# Required action:
All entries are to be copied verbatim, while the pictures stay out.

═══

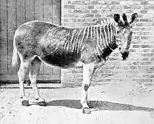 - (Zoologie) Sous-espèce (Equus quagga quagga Boddaert, 1785) éteinte du genre cheval originaire d’Afrique, à raies gris roussâtre en travers de la tête, crinière courte et droite. Le couagga fut d’abord considéré comme une espèce distincte du zèbre à cause de sa robe sans rayures à l’arrière. Ce n’est que beaucoup plus tard qu’on en fit une sous-espèce du zèbre de Burchell.
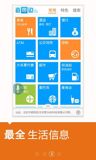查周边语音生活导航,不需打字,只需要说出“我要附近的银行、我要附近的XX”就能迅速搜索结果,还能提供最专业的路线指引。
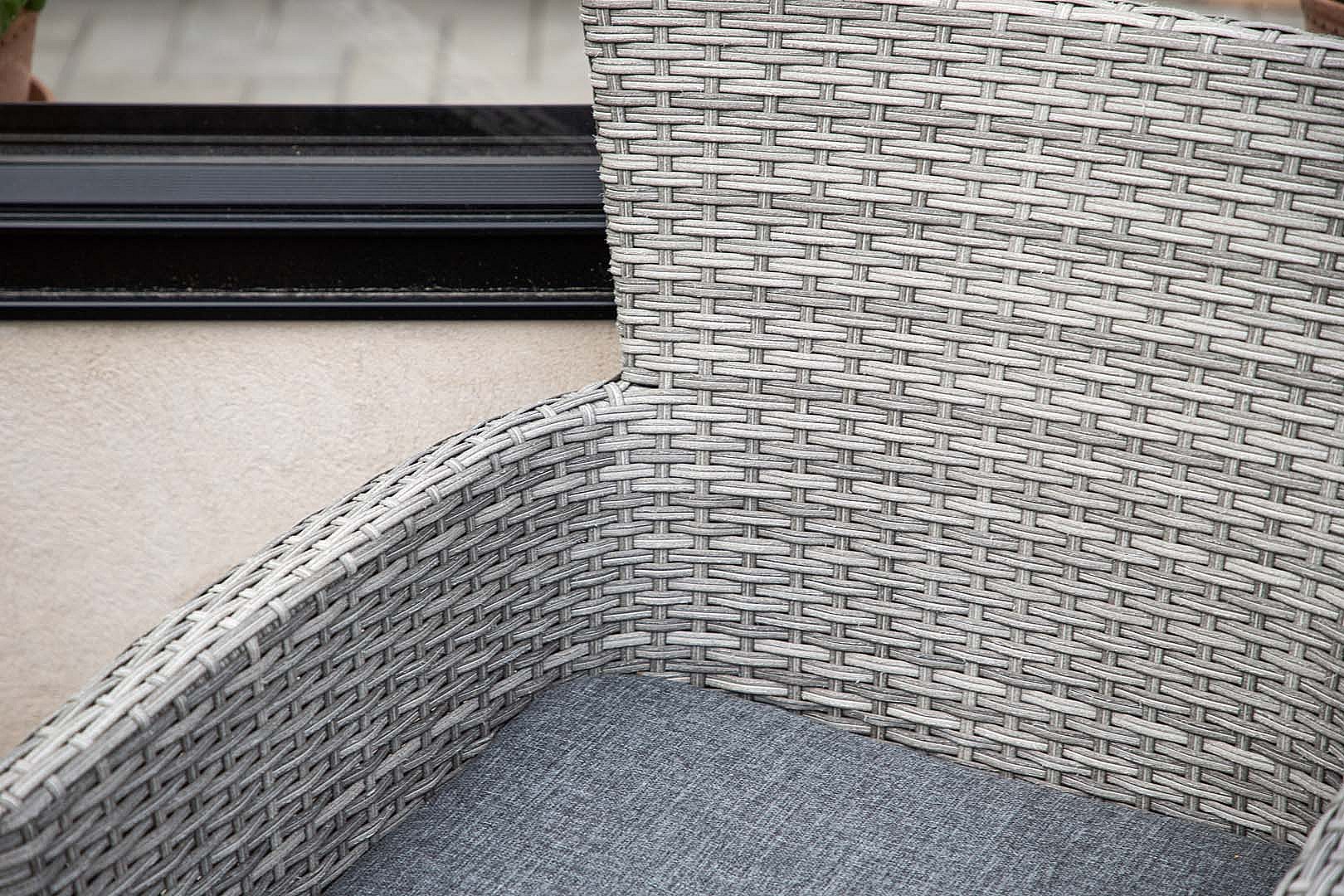 Malina chaise de jardin avec coussin de jardin gris.
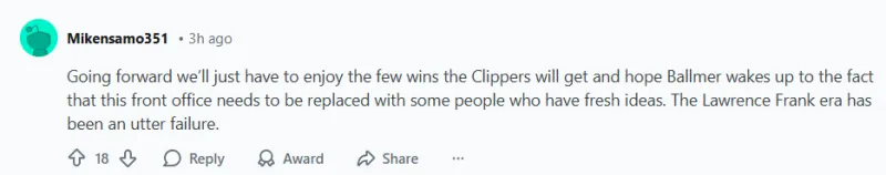 -(18贊)今后,我們只能享受快船為數不多的勝利,希望鮑爾默能清醒地認識到,這個球隊高層需要換成一些有新想法的人。勞倫斯-弗蘭克時代已經徹底失敗了。
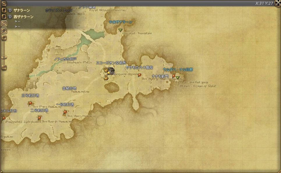 | ウルダハ | ゴブレットビュート | 西ザナラーン 金槌台地:ササモ八十階段付近 |

═══

# Answer to this task:
 - (Zoologie) Sous-espèce (Equus quagga quagga Boddaert, 1785) éteinte du genre cheval originaire d’Afrique, à raies gris roussâtre en travers de la tête, crinière courte et droite. Le couagga fut d’abord considéré comme une espèce distincte du zèbre à cause de sa robe sans rayures à l’arrière. Ce n’est que beaucoup plus tard qu’on en fit une sous-espèce du zèbre de Burchell.
查周边语音生活导航,不需打字,只需要说出“我要附近的银行、我要附近的XX”就能迅速搜索结果,还能提供最专业的路线指引。
 Malina chaise de jardin avec coussin de jardin gris.
 -(18贊)今后,我們只能享受快船為數不多的勝利,希望鮑爾默能清醒地認識到,這個球隊高層需要換成一些有新想法的人。勞倫斯-弗蘭克時代已經徹底失敗了。
 | ウルダハ | ゴブレットビュート | 西ザナラーン 金槌台地:ササモ八十階段付近 |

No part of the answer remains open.